Gold & Silver Cap Record October Despite Choppy Week 

October delivered historic gains for precious metals: gold broke above $4,000 and set an intramonth record, while silver tagged fresh four-decade highs mid-month. Both have pulled back since, but remain up sharply for the month. This week’s give-and-take looks like healthy consolidation after a major run, with gold digesting gains around the $4,000 level.  

The fundamental drivers haven’t changed — rate-cut expectations, geopolitical hedging, and strong investor demand are still in place. Looking ahead, LBMA delegates now see gold near $5,000 within a year. The catch: volatility is rising alongside momentum. Bigger swings mean position sizing matters more than ever. 

What’s fueling those gains? 

 

World Gold Council: Q3 Global Gold Demand Hits New Record 

The World Gold Council reports Q3 global gold demand climbed 3% year-over-year to a record 1,313 tonnes, driven by bars, coins, and a resurgence in gold-backed ETF inflows. Investors piled in amid tariff uncertainty, geopolitical risk, and plain-old FOMO.  

Central banks kept buying — roughly 220 tonnes in the quarter — while jewelry demand slumped on high prices. What it means for investors: demand is broad-based and less rate-sensitive than it was in 2022–23. That’s exactly the mix that tends to support dips, with buyers stepping in when prices pull back rather than waiting for lower borrowing costs. 

That demand picture gets its next test today with fresh inflation data. 

 

PCE Inflation: Closer to Target, But Core Stays Sticky 

September PCE came in this morning showing headline inflation at 2.1% year-over-year — down from August’s 2.3% and edging closer to the Fed’s 2% target. The monthly gain of 0.2% matched expectations. But the core reading (excluding food and energy) told a stickier story: 2.7% annually, unchanged from August and slightly above forecast. Services prices drove the increase, while goods prices fell for the fourth time in five months.  

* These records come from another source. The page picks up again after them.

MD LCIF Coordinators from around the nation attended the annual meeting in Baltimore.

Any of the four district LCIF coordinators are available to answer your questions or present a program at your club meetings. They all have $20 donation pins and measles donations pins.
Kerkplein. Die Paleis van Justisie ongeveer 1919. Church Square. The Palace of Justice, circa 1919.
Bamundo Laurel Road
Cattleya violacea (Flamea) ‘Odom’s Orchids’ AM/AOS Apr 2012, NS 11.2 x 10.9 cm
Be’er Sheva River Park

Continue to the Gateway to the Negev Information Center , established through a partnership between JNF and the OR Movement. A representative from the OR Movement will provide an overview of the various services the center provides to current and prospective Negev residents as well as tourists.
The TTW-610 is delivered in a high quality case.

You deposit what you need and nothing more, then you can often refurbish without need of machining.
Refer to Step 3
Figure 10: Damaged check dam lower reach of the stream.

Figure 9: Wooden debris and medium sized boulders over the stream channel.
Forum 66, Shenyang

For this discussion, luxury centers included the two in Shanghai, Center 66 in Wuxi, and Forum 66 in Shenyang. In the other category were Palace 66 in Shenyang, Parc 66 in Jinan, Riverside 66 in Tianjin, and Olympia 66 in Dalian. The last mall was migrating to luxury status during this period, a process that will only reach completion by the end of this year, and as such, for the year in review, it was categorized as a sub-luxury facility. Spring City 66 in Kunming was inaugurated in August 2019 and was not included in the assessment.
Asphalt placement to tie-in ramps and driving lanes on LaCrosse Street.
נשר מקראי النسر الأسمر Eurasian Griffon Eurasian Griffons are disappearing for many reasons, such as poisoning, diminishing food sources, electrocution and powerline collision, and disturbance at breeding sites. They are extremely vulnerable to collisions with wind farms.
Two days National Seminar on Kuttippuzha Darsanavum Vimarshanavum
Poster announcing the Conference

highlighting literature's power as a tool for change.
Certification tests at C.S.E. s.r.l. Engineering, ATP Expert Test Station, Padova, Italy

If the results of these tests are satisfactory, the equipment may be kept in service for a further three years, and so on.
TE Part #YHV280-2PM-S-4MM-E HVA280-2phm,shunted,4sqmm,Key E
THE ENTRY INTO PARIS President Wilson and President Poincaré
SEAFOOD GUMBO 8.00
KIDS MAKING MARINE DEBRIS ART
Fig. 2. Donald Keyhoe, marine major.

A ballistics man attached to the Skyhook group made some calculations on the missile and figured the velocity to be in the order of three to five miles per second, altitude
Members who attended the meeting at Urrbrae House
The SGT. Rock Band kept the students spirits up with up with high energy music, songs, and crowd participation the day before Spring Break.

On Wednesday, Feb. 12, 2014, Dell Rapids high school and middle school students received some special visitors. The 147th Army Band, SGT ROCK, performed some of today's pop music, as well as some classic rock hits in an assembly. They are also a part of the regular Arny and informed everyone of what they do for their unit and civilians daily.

The mixed signals give the Fed room to cut rates gradually, but core inflation sitting nearly a full point above target keeps pressure on policymakers to stay cautious. Translation: lower headline inflation helps gold’s rate-cut narrative, but persistent core keeps the hedge case alive if inflation re-accelerates. 

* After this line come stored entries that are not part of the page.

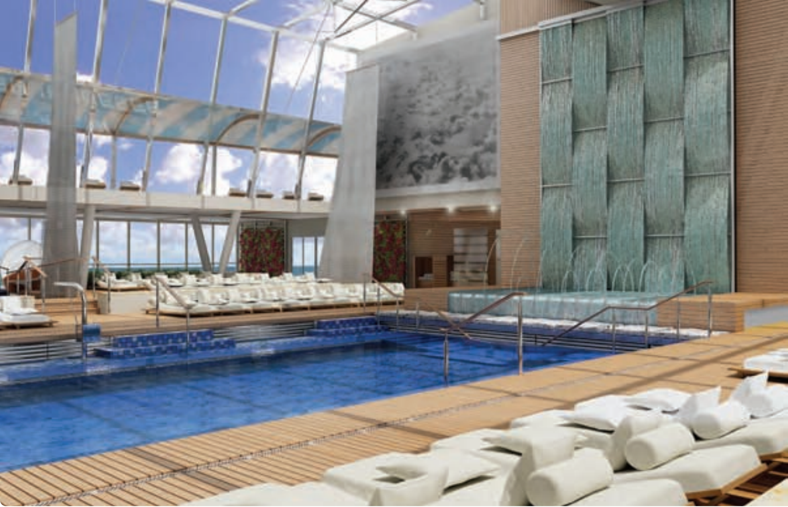
Left page: Blu restaurant. Above: The modern brilliance of the Solarium.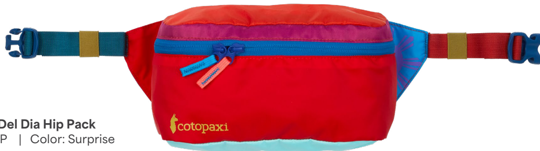
Cotopaxi Del Dia Hip Pack COTODDFP | Color: Surprise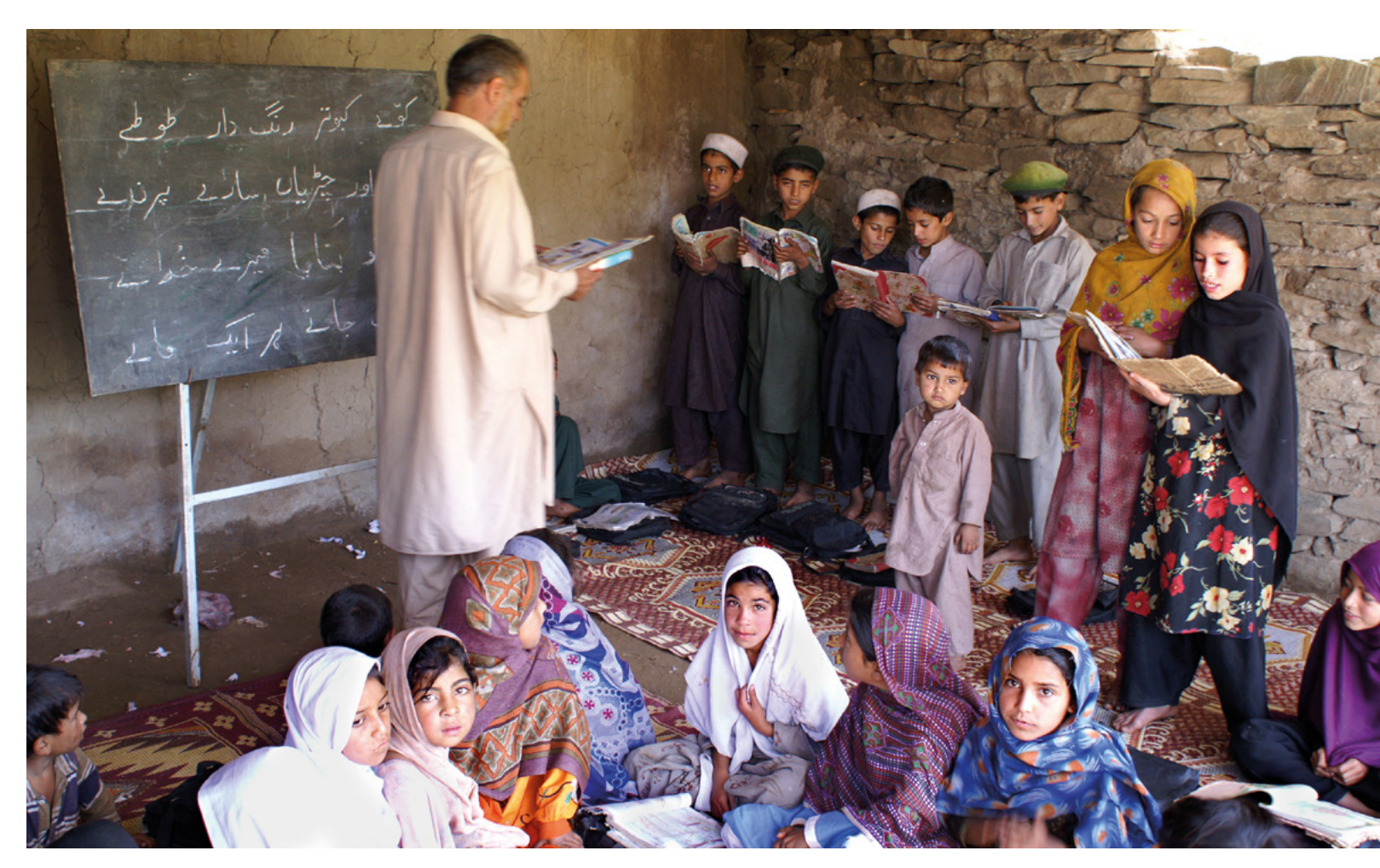
The Federal Government promotes the human right to education all around the world.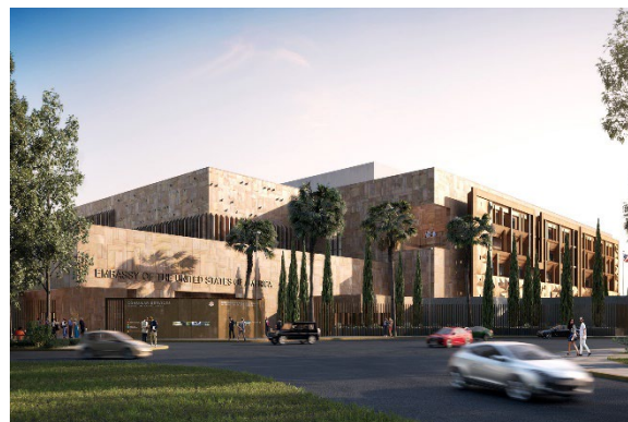
Figure 1: Architectural renderings of NEC Mexico City.

Source: Architectural firm (Davis Brody Bond) website, <davisbrodybond.com>.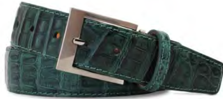
Green Caiman Belly Crocodile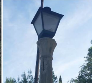
TOWN & COUNTRY TOP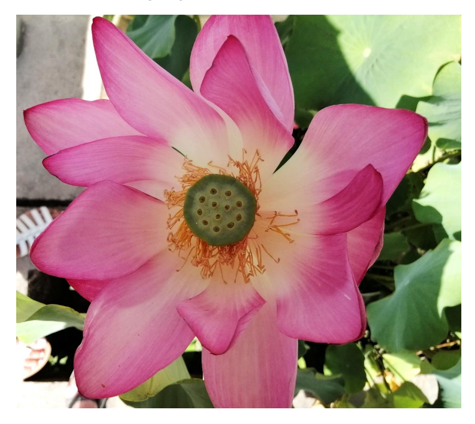
Fig. 4 A lotus flower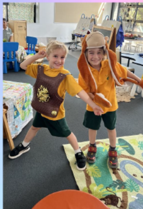
Dress-ups are always fun!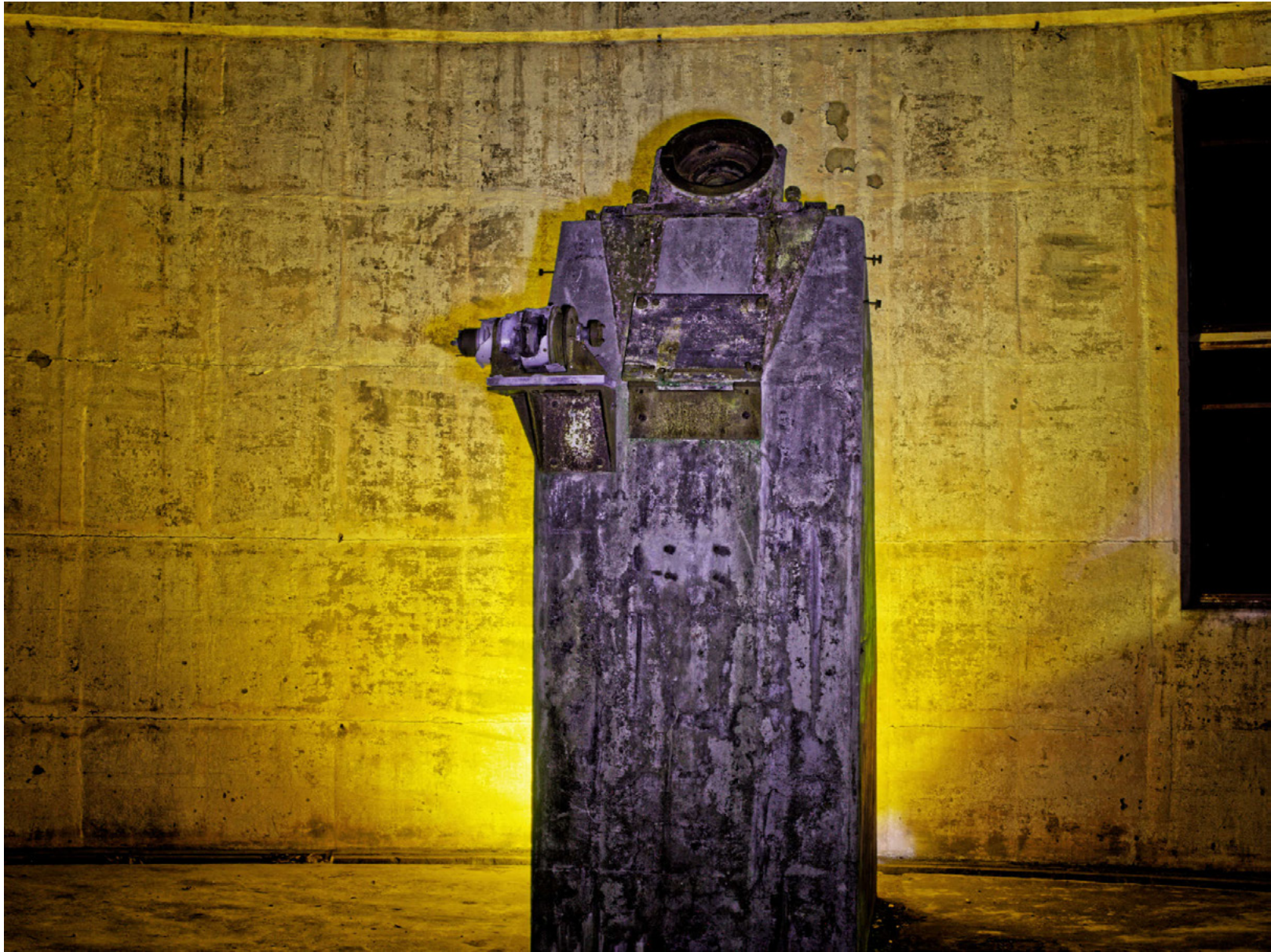
Mt Stromlo Brian Moir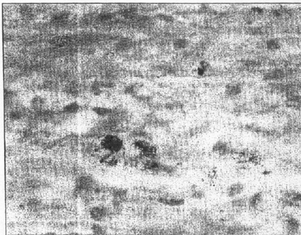
Figure 3: In the nerve showing enormous granular forms of arranged in globi in mid-borderline lepromatous neu (Modified Fite-Faraco, x 1000)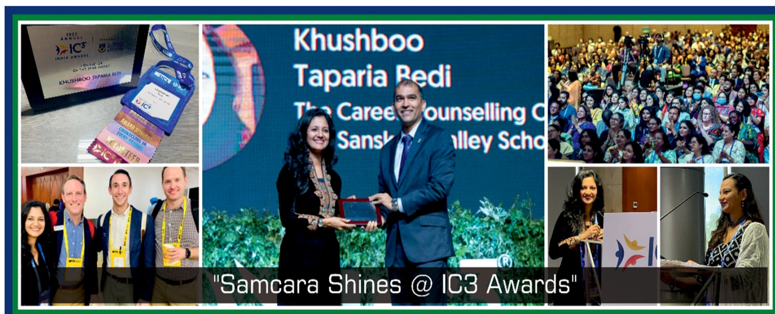
"Samcara Shines @ IC3 Awards"

Speaking of the Fed, not everyone’s on board with recent cuts. 

 

Dallas Fed’s Logan Opposed This Week’s Rate Cut 

Dallas Fed President Lorie Logan said Friday she voted against Wednesday’s quarter-point rate cut and would find it “difficult” to support another reduction in December. “I did not see a need to cut rates this week,” Logan told a Dallas Fed conference, citing concerns that inflation remains “too high” and consumer spending is running above trend.  

She joined Kansas City Fed’s Jeffrey Schmid in dissenting on the October 29 decision, which lowered rates to 3.75–4.00%. Chair Powell already threw cold water on a December cut, calling it “not a foregone conclusion.” The divide underscores growing Fed uncertainty about the rate path — and that uncertainty tends to keep safe-haven demand for gold and silver elevated. 

Meanwhile, Washington gridlock is creating its own set of risks. 

 

Government Shutdown Drags On; SNAP Benefits Set To Lapse Tomorrow 

The federal government shutdown entered its fourth week with no resolution in sight, and the stakes are rising fast. Starting tomorrow (November 1), roughly 42 million Americans won’t receive their monthly SNAP benefits — the first time food stamps have been suspended during a shutdown. The USDA says it needs $8 billion to cover November but has only $6 billion in contingency funds available.  

Meanwhile, federal employees missed their first paycheck last Friday, and both parties remain deadlocked with no bipartisan talks scheduled. Some states are scrambling to patch the gap with emergency funding, but it’s a drop in the bucket. For markets, extended shutdowns mean data blackouts (like the one complicating the Fed’s decision-making), rising economic uncertainty, and potential pain for millions of Americans.